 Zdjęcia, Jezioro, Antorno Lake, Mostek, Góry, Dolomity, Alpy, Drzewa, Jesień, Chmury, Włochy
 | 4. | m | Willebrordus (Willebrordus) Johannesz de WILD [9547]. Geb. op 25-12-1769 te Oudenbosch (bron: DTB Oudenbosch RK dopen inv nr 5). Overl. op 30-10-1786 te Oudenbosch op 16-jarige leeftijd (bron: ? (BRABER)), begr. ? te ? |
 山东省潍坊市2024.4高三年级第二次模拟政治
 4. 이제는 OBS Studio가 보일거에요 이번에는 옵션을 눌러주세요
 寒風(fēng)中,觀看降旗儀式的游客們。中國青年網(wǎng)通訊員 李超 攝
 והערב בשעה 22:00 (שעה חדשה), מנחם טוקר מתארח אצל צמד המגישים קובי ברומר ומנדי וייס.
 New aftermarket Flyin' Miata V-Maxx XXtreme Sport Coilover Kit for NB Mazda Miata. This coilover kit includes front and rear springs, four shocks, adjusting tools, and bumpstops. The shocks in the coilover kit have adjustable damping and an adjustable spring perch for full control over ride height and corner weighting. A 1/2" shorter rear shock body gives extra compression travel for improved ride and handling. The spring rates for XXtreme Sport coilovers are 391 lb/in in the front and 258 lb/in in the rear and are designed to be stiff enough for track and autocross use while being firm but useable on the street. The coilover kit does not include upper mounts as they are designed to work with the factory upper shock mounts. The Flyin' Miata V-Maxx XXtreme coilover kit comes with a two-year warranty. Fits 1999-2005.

==*==

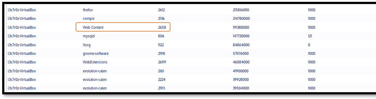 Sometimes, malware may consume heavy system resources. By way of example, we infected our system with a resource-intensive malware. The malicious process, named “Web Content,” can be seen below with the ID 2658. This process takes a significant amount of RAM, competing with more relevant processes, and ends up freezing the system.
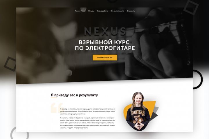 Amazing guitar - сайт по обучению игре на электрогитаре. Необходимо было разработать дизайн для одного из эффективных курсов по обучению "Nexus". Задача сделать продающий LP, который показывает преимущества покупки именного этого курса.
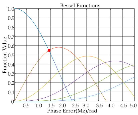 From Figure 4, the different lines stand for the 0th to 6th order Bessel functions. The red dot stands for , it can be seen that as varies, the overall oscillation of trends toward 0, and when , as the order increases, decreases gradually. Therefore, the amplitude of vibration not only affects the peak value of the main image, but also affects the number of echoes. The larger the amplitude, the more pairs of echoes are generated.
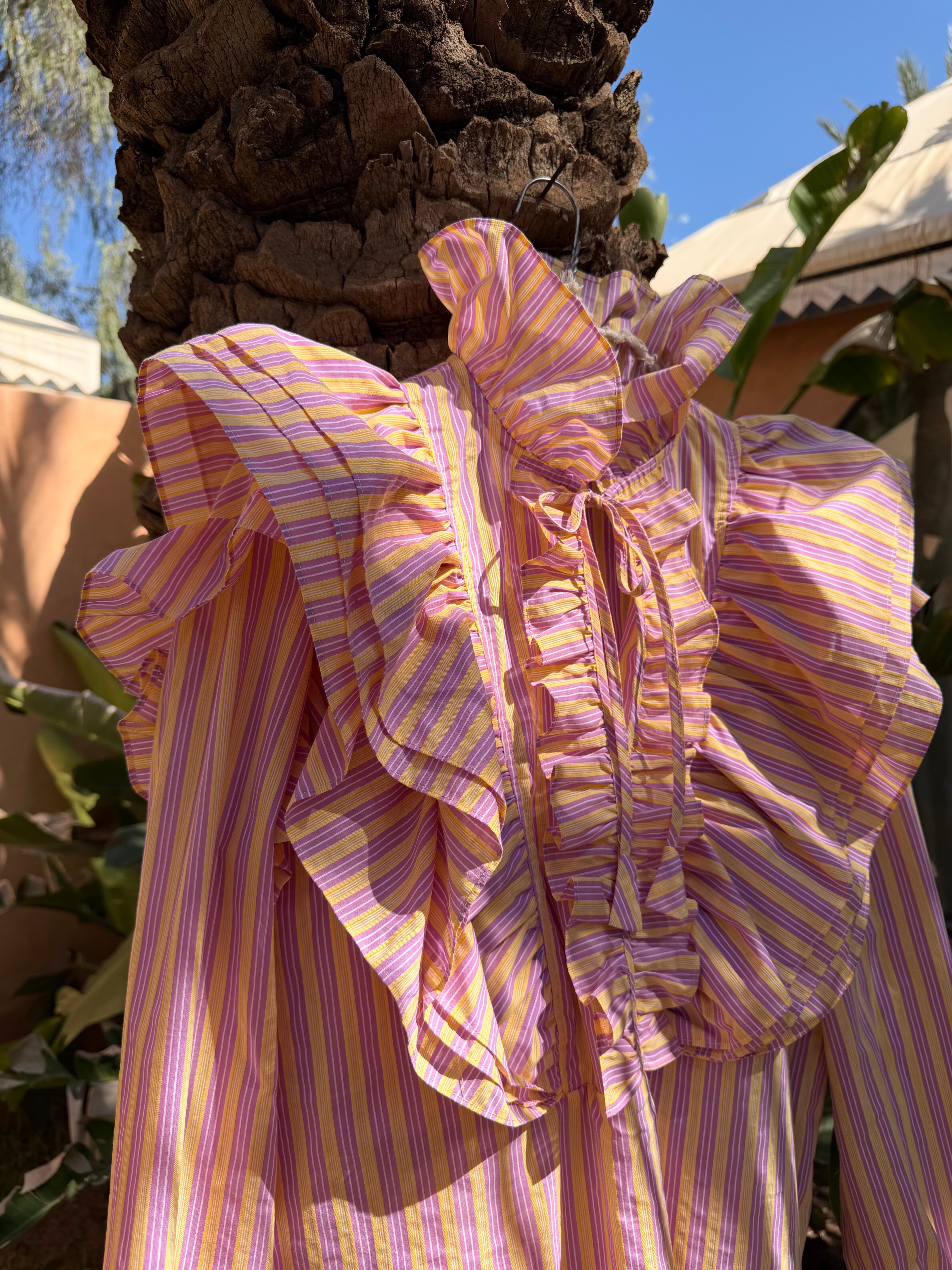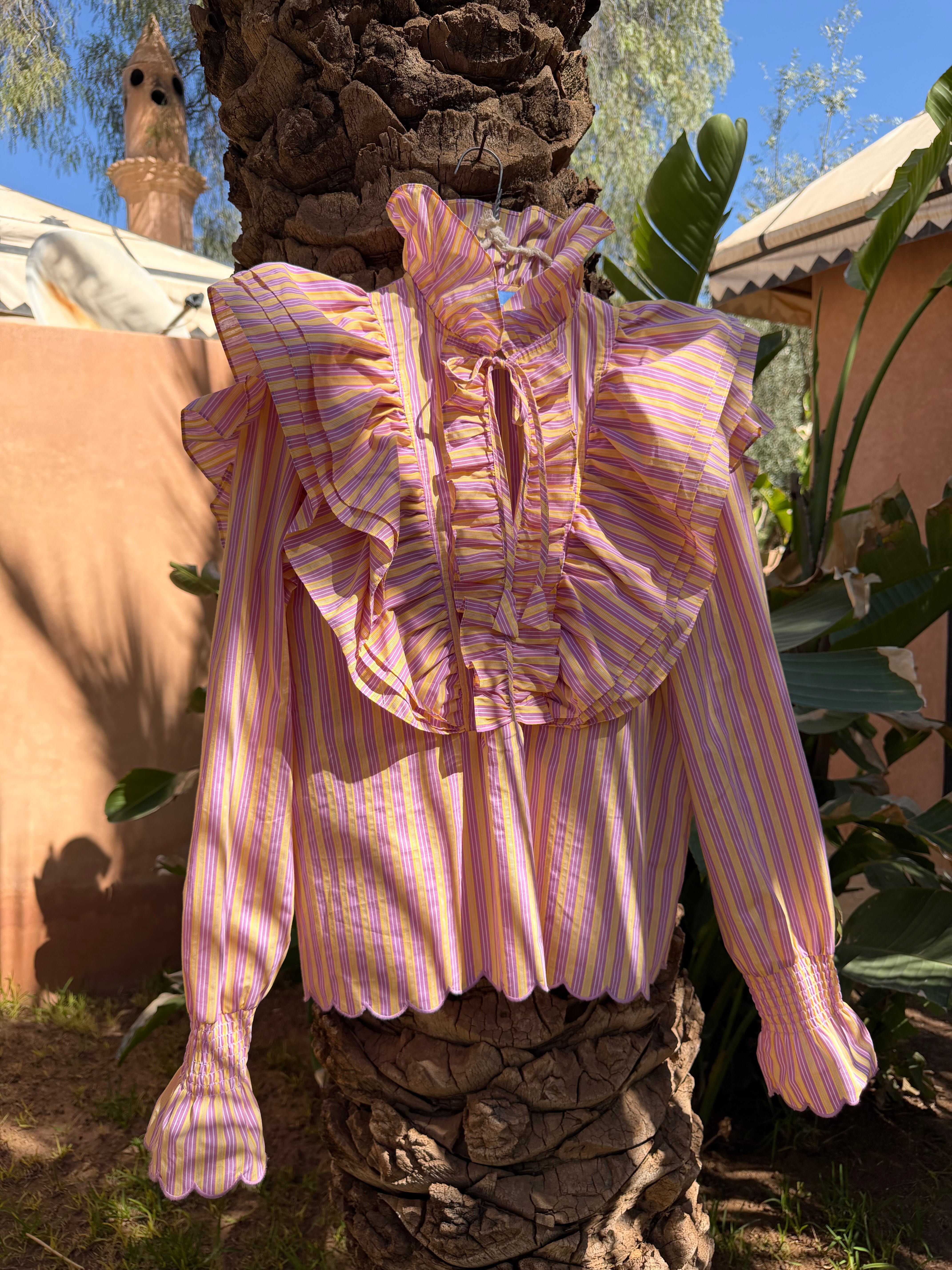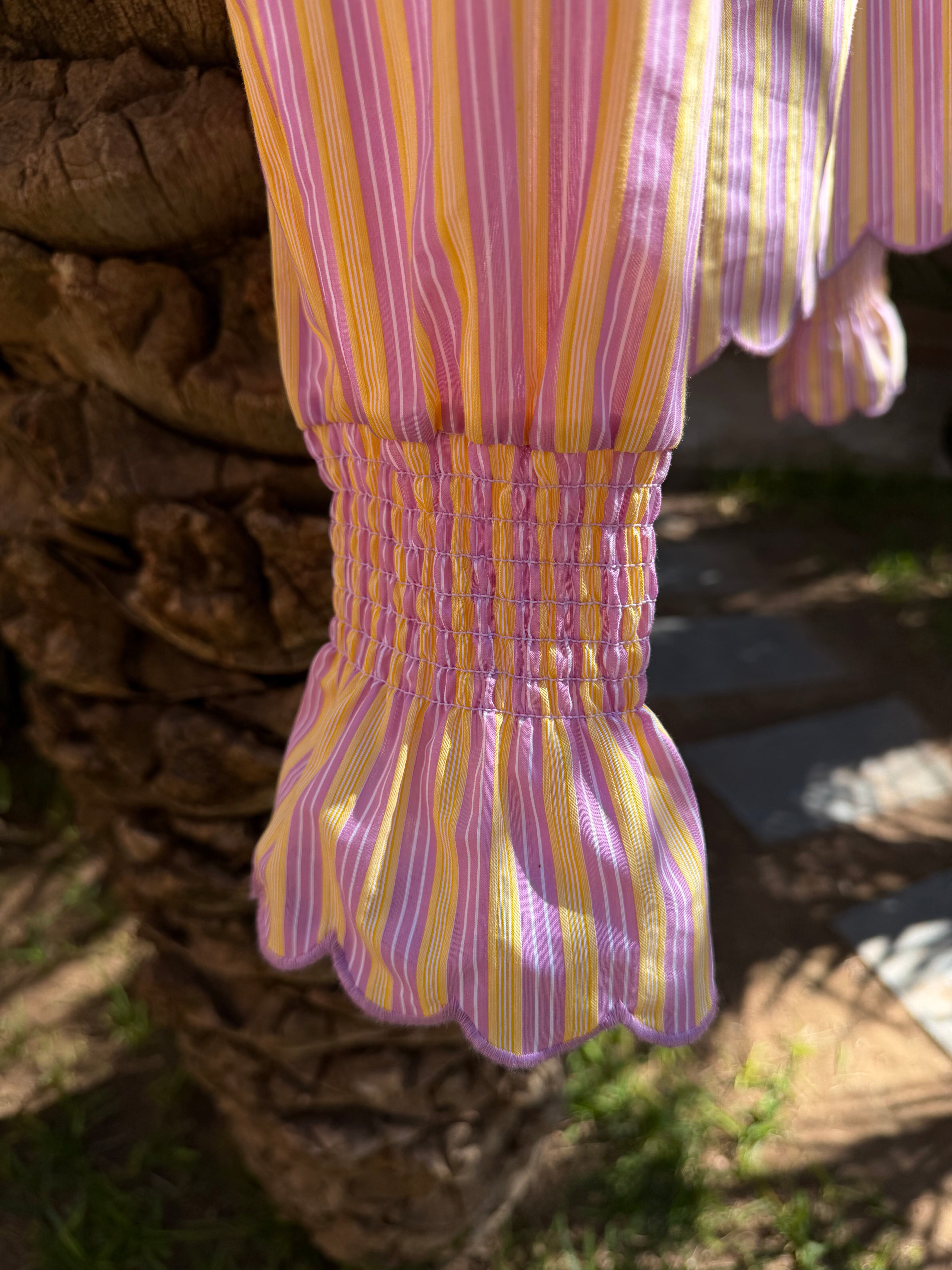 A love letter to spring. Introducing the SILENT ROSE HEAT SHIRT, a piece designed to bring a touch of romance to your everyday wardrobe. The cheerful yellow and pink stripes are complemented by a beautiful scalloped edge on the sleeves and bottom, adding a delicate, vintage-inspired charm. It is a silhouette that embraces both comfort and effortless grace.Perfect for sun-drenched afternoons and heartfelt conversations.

==*==

**Problem requirements**
Copy out each line of the data above, exactly, if it lies between the line holding "Zdjęcia, Jezioro, Antorno" and the line holding "והערב בשעה 22:00", inclusive; copy no other line.

**Result for this exercise**
 Zdjęcia, Jezioro, Antorno Lake, Mostek, Góry, Dolomity, Alpy, Drzewa, Jesień, Chmury, Włochy
 | 4. | m | Willebrordus (Willebrordus) Johannesz de WILD [9547]. Geb. op 25-12-1769 te Oudenbosch (bron: DTB Oudenbosch RK dopen inv nr 5). Overl. op 30-10-1786 te Oudenbosch op 16-jarige leeftijd (bron: ? (BRABER)), begr. ? te ? |
 山东省潍坊市2024.4高三年级第二次模拟政治
 4. 이제는 OBS Studio가 보일거에요 이번에는 옵션을 눌러주세요
 寒風(fēng)中,觀看降旗儀式的游客們。中國青年網(wǎng)通訊員 李超 攝
 והערב בשעה 22:00 (שעה חדשה), מנחם טוקר מתארח אצל צמד המגישים קובי ברומר ומנדי וייס.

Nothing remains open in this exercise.